514 posts since 1 Jan, 2013, from Denmark

Postby Mayae; Thu May 11, 2017 9:30 am Re: odd integer division optimization

Urs wrote:
Mayae wrote:for (int i = 1; i < 2000000; ++i)
{
sum += FastDivide(divident, i);
}

Well, the FastDivide only really covers divisors from 1 to 31, so anything from 32 to 1999999 isn't expected to be faster at all...

Yes, I covered the case for divisor < 32 to showcase this as well.
Miles1981
KVRian
 
1251 posts since 26 Apr, 2004, from UK

Postby Miles1981; Thu May 11, 2017 9:35 am Re: odd integer division optimization

The point Urs makes is that the speedup for the 32 small integers is hidden by the 2 other millions. The maximum speedup you can expect is ridiculously small and can't be detected (i.e. the test doesn't prove anything).
Mayae
KVRian
 
514 posts since 1 Jan, 2013, from Denmark

Postby Mayae; Thu May 11, 2017 11:02 am Re: odd integer division optimization

Miles1981 wrote:The point Urs makes is that the speedup for the 32 small integers is hidden by the 2 other millions. The maximum speedup you can expect is ridiculously small and can't be detected (i.e. the test doesn't prove anything).

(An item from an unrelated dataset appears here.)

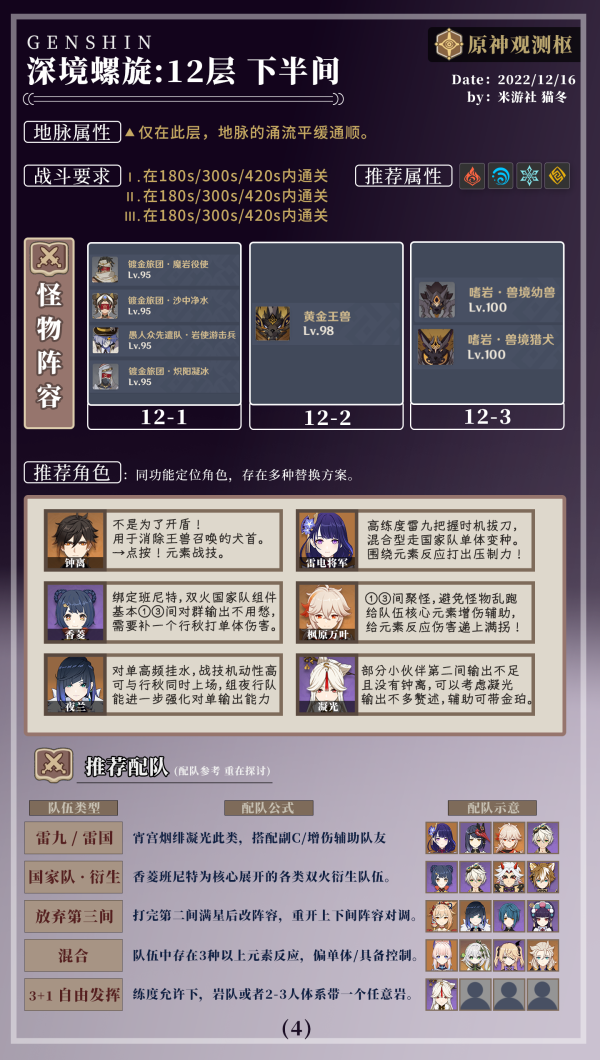其实像这几个BOSS,在历代版本的深境螺旋中已经挑战过数次了,基本都是灌输出,关键是要记得如何去应对它们的特殊机制与如何将它们打进虚弱机制。

The test proves lots of things, for instance: is there significant overhead in the fastdivide function for non-ideal cases? It's rarely interesting only to analyse the supposed benefits when applying a general purpose solution (since fastdivide handles all inputs).
Miles1981
KVRian
 
1251 posts since 26 Apr, 2004, from UK

Postby Miles1981; Thu May 11, 2017 11:15 am Re: odd integer division optimization

Your test may prove that there is not much overhead, but it can't say that if your divisions are usually small numbers, the function is more interesting or not.
stratum
KVRian
 
1236 posts since 29 May, 2012

Postby stratum; Thu May 11, 2017 2:36 pm Re: odd integer division optimization

The reason for which the FastDivide function might be optimized for small numbers is seen around the minute 28:50 in the video below. The sensible values for the quantization value (divisor, which controls the compression amount and bitrate) are probably around 1-31. If the function is used the other way around (arguments swapped) somewhere in the algorithm, DCT results are also small numbers (minute 26:00). The video is not about H261, so there might be some differences but what transform.c/CCITTQuantize does looks similar.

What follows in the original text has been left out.